Dans son temple vide, le chevalier d'or rembobine le film de sa vie. Son retour parmi ses pairs ne se déroule pas sans heurt. De cela, il ne s'était pas leurré. Accepter et pardonner, sont des actes d'un désintéressement que bon nombre de ses homonymes ne peuvent lui accorder.

Comment pourrait-il leur en vouloir ?

Après tout, il a commis maints crimes. Comme les autres, mais lui se rapproche du pire, puisque les ordres venaient de lui.

La peur qu'il inspire toujours le démolit petit à petit, car encore maintenant on le regarde de travers : les apprentis, les enfants de la ville, les civils, certains confrères. Quand ce n'est tout simplement pas de la haine, ne se dissimulant même pas dans leurs prunelles noires de rancœur.

Saga subit en silence, faisant semblant de rien. Il affronte les murmures sur son passage, la tête haute, et ne plie pas devant les rictus de mépris. C'est un demi-dieu, enfin peut être plus désormais… Oui, tout compte fait, il ne mérite plus cette appellation. Elle appartient au passé, comme le reste.

L'homme se fige devant le tableau qui s'ouvre de son temple. La mer semble calme aujourd'hui, pas un nuage ne vient voiler le ciel limpide. Si seulement cela pouvait être le présage d'un avenir meilleur. En bon pessimiste, le Gémeau ne se fait pas d'illusion.
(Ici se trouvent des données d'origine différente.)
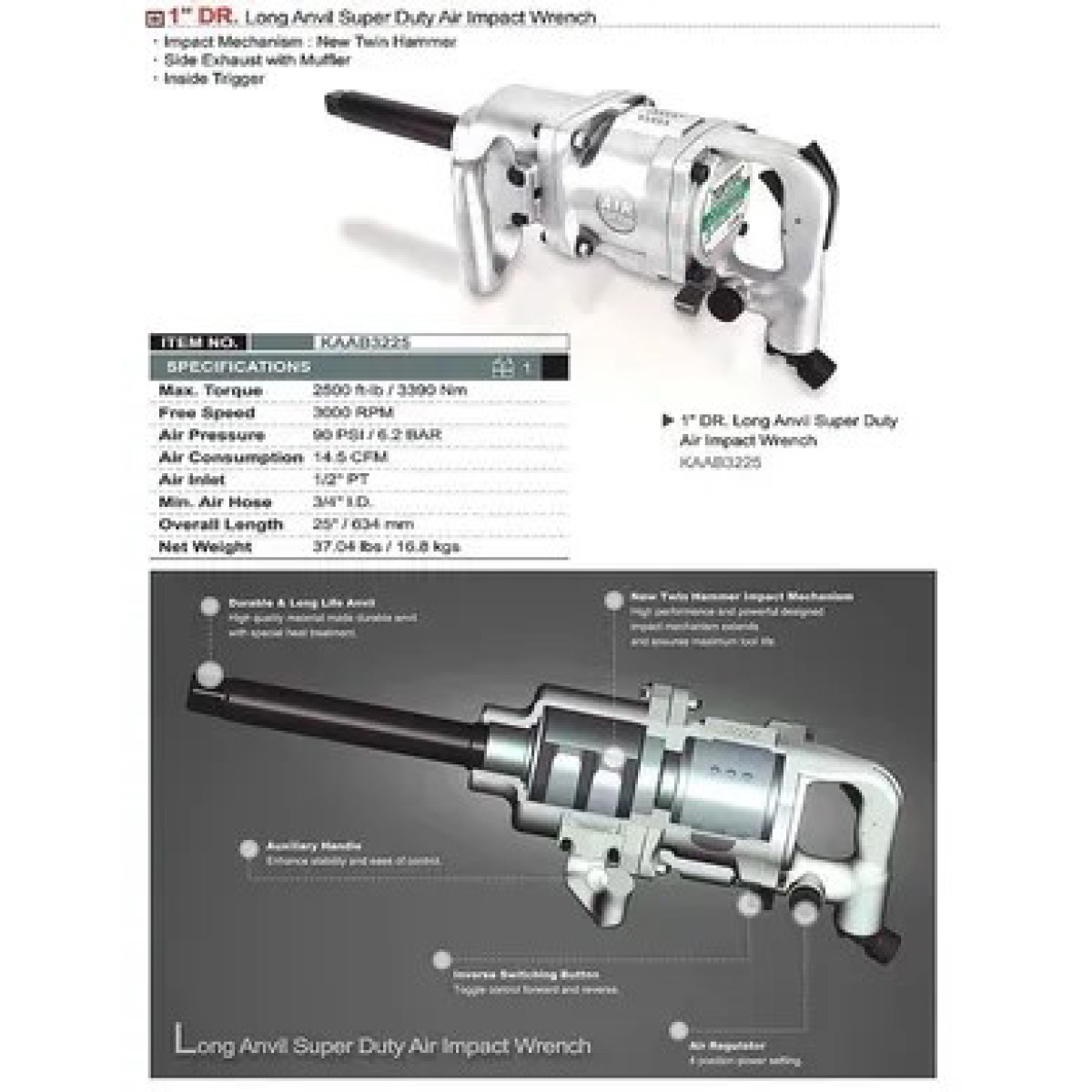 Гайковерт пневматичний належить до професійного класу пневмоінструментів. Вирізняється стійкістю до високих навантажень, надійністю та довговічністю. Завдяки потужності і швидкості обертання інструмент широко застосовується на СТО, у автомайстернях та на промислових підприємствах. Модель оснащена ударним механізмом , який забезпечує стабільну роботу навіть за інтенсивного використання. Виробник - надійна торгова марка з Тайваню.

Il doit y aller, son rendez-vous l'attend. En passant près de la table de la cuisine, il aperçoit un mot posé dessus.

« Ne m'attends pas ce soir, je ne rentre pas. Bonne journée. Kanon. »

Simple, concis, sans fioriture. Tout l'esprit du cadet quoi. Un soupir de résignation franchit les lèvres de Saga. Son frère est parti retrouver ce juge de malheur, le délaissant au profit de son bonheur. Mais, ne le mérite-il pas ? Sans approfondir sa réflexion, l'aîné connaît déjà la réponse : bien sûr que si. Kanon n'a que trop souffert à cause de ses actes barbares, alors, pour éviter les disputes et pour déculpabiliser son frère, Saga ne dit rien. Consentant implicitement à cette liaison dénaturée. Et puis après tout, qui est-il pour juger du bien ou du mal ? De la morale, de la perversion ?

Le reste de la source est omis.